Deal with subsidiary functions first. So for example, deal with the find-accomodation first. This is used before you can do the booking, so in the same way that we would be guided by general software development principles to deal with it first (composing bigger functionality from primitive functions), similarly, would we do it here.

Test the solution thoroughly. Remember you are not done coding until you have tested and this holds true for every software project.

Now you will notice that Composite can be a real pain to test, since you have to repeatedly create composites and leaves before you can test operations on them. And depending on the number of functionalities you have to test, this can be horrendous.
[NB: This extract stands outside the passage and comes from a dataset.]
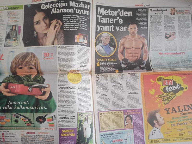 Kelebek Magazin Gazetesi - 6 Mayıs 2011 - Kris Humphries - Kim Kardashian - Ece Gürsel - Ajda Pekkan - Diana Kruger - Joshua Jackson - Hadise - Osman Müftüoğlu - Sibel Tüzün - Elaya - Meter Mevsimler - Taner Tolga Tarlacı - Rahmeli Soyer - İbrahim Toraman - Nilüfer - Şebnem Ferah - Lewis Hamilton - Serpil Timuray - Çiğdem Kayalı - Melis Alphan - Eylül Deniz - Nil Karaibrahimgil - Esin Moralıoğlu - Sinem Yıldırım - Rüştü Reçber - Cem Hakko - Cengiz Semercioğlu - Melis Alphan - Tuna Kiremitçi - Elif Şafak - Ece Gürsel - İbrahim Tatlıses - Yıldız Tilbe - Melike Karakartal - Johnny Depp - Sibel Tüzün - Hülya Avşar - Gökhan Özen - Ayşe Yüksel - Türkan Saylan - Esra Sönmezer - Yonca Tokbaş - Burcu Güneş - Betül Demir - Sezen Aksu - Osman Müftüoğlu - Güzin Abla - Tekin Acar - Madonna - Onur Baştürk - Karolyn Pho - Shia LeBeout - Rihanna - Natalie Portman - LeAnn Rilmes - Katy Perry - Jennifer Lopez fotoğraf ve haberi - Tam Takım Gazete Yıpranma, sararmalar, kupon kesiği ve yırtılmalar zamana bağlı olarak görülebilir

My suggestion is to create the object-hierarchy of test-data and include a routine which uses some persistence mechanism to persist-to-disk and restore the hierarchy (possibly with an option to restore from several backups). You can then make changes to it, tweak it, add test cases and remove extraneous stuff. In-between tests, you persist the object-hierarchy. This not only saves you time and frustration (plus allowing other developers to code and test the solution simultaneously), but it also helps you to ensure consistency in the tests.

Composite/Treeview/XML: a natural fit

Composite is one of the most elegant and intuitive patterns. Later on when we look at the Interpreter pattern, you will see where it can save you from knowing a lot of XPATH. I load the XML file straight into a composite object-hierarchy which is linked to a treeview, do all the processing in the Composite hierarchy (including searching) and then store the results back into XML.